**Work task**
Nothing but the lines from the start of the data through the line with "Klawiatura + mysz" should appear in the answer, each retyped exactly, and pictures should not.

**Input material**
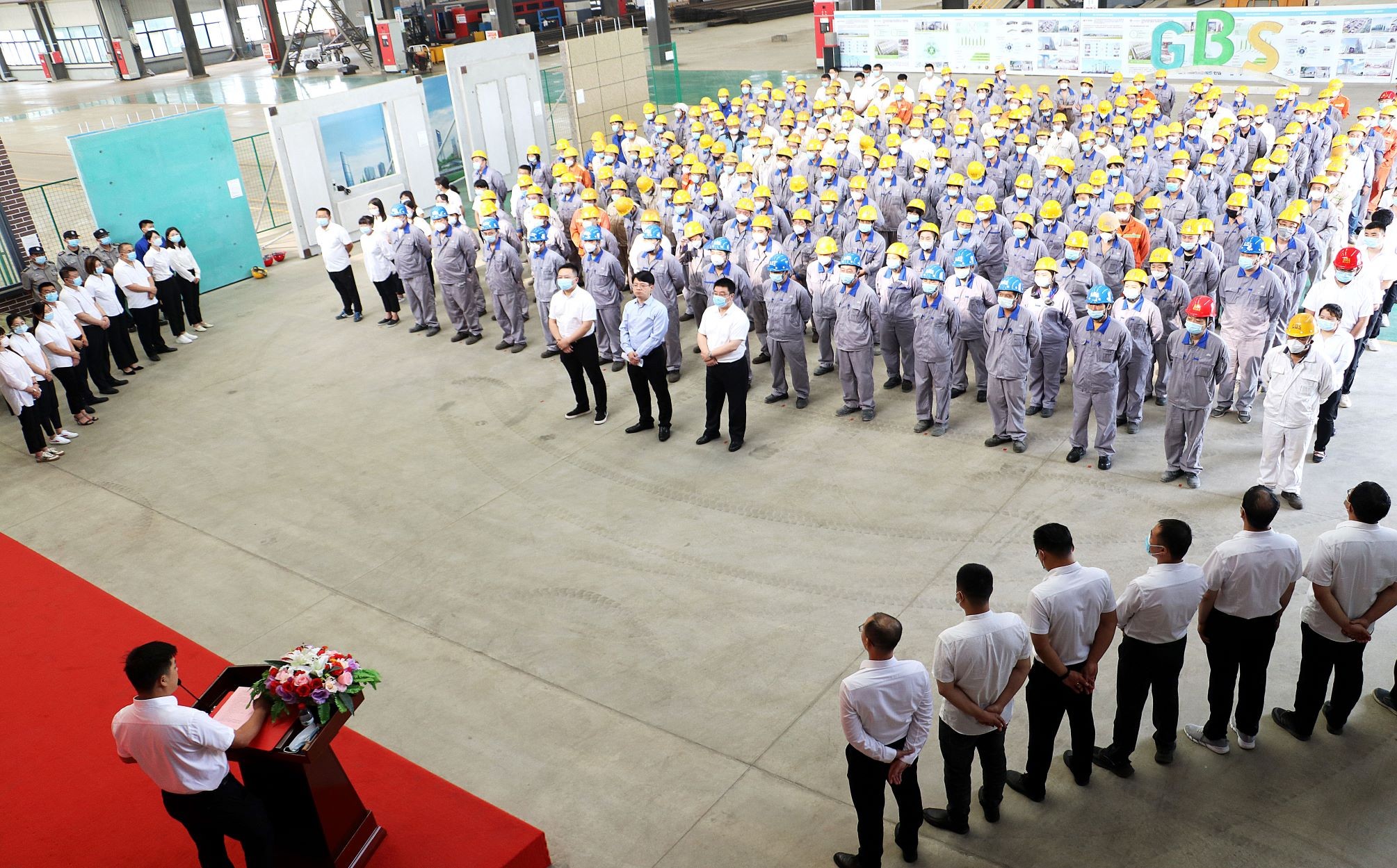 2021年8月8日上午8時(shí),吹響沖鋒號(hào),在精工綠筑工廠展廳隆重舉行了“大干一百天”動(dòng)員誓師大會(huì)儀式,公司總經(jīng)理王曉春、副總經(jīng)理屠國平等領(lǐng)導(dǎo)及全體管理干部、生產(chǎn)全體職工350余人共同出席大會(huì)。會(huì)議現(xiàn)場氣氛莊重?zé)崃?,與會(huì)人員斗志昂揚(yáng),充分展現(xiàn)了精工人的“
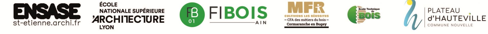 Mercredi 22 octobre, les participants, partenaires et acteurs du workshop inter-école étaient réunis pour un temps fort qui vient clore l’édition 2025 : l’inauguration des bancs semi-circulaires en bois local, réalisés par des équipes d’étudiants charpentiers de la MFR de Cormaranche-en-Bugey et étudiants architectes ENSA Lyon et St-Etienne.
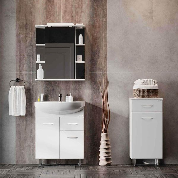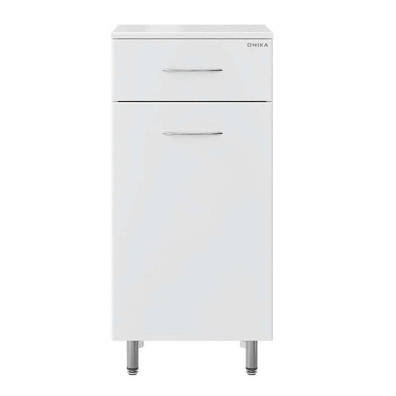Напольный полупенал для ванной комнаты Onika КАПРИЗ 40, благодаря простому минималистичному дизайну, белой глянцевой поверхности, подойдет под любой интерьер ванной комнаты.
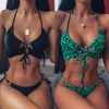 | CPUTAN 2020 Sexy lace up bikini set Halter high cut swimwear women Push up swimsuit Brazilian bikini Bathers bathing suit |
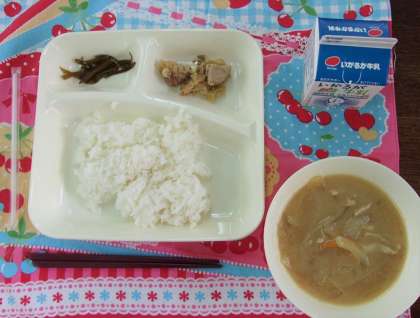 「豚汁」は、豚肉、じゃがいも、たまねぎ、だいこん、ごぼう、にんじんを使っています。
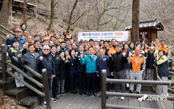 ▲ 소방안전기원제단양군 의용소방대는 지난 5일 다리안관광지 내 산신각에서 ‘제47회 단양군 소방안전기원제’를 개최했다.이날 행사에는 김문근 단양군수, 엄재웅 단양소방서장을 비롯해 남녀의용소방대원 등 100여 명이 참석해 군민의 안전과 소방가족의 무사고를 기원했다.소방안
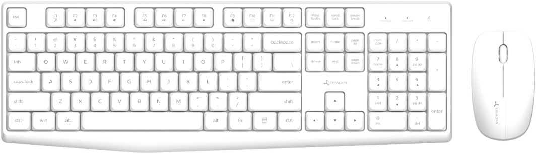 Klawiatura + mysz Triadyn Bezprzewodowy Zestaw Biurowy ELTANIN Klawiatura PORTIA i Mysz BELINDA 1600 DPI Biały
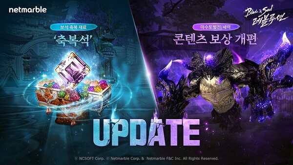 넷마블(대표 권영식, 도기욱)은 모바일 MMORPG '블레이드 & 소울 레볼루션’에 신규 콘텐츠 ‘축복석’을 추가하는 등 업데이트를 실시했다고 27일 밝혔다.

**Result of the exercise**
 2021年8月8日上午8時(shí),吹響沖鋒號(hào),在精工綠筑工廠展廳隆重舉行了“大干一百天”動(dòng)員誓師大會(huì)儀式,公司總經(jīng)理王曉春、副總經(jīng)理屠國平等領(lǐng)導(dǎo)及全體管理干部、生產(chǎn)全體職工350余人共同出席大會(huì)。會(huì)議現(xiàn)場氣氛莊重?zé)崃?,與會(huì)人員斗志昂揚(yáng),充分展現(xiàn)了精工人的“
 Mercredi 22 octobre, les participants, partenaires et acteurs du workshop inter-école étaient réunis pour un temps fort qui vient clore l’édition 2025 : l’inauguration des bancs semi-circulaires en bois local, réalisés par des équipes d’étudiants charpentiers de la MFR de Cormaranche-en-Bugey et étudiants architectes ENSA Lyon et St-Etienne.
Напольный полупенал для ванной комнаты Onika КАПРИЗ 40, благодаря простому минималистичному дизайну, белой глянцевой поверхности, подойдет под любой интерьер ванной комнаты.
 | CPUTAN 2020 Sexy lace up bikini set Halter high cut swimwear women Push up swimsuit Brazilian bikini Bathers bathing suit |
 「豚汁」は、豚肉、じゃがいも、たまねぎ、だいこん、ごぼう、にんじんを使っています。
 ▲ 소방안전기원제단양군 의용소방대는 지난 5일 다리안관광지 내 산신각에서 ‘제47회 단양군 소방안전기원제’를 개최했다.이날 행사에는 김문근 단양군수, 엄재웅 단양소방서장을 비롯해 남녀의용소방대원 등 100여 명이 참석해 군민의 안전과 소방가족의 무사고를 기원했다.소방안
 Klawiatura + mysz Triadyn Bezprzewodowy Zestaw Biurowy ELTANIN Klawiatura PORTIA i Mysz BELINDA 1600 DPI Biały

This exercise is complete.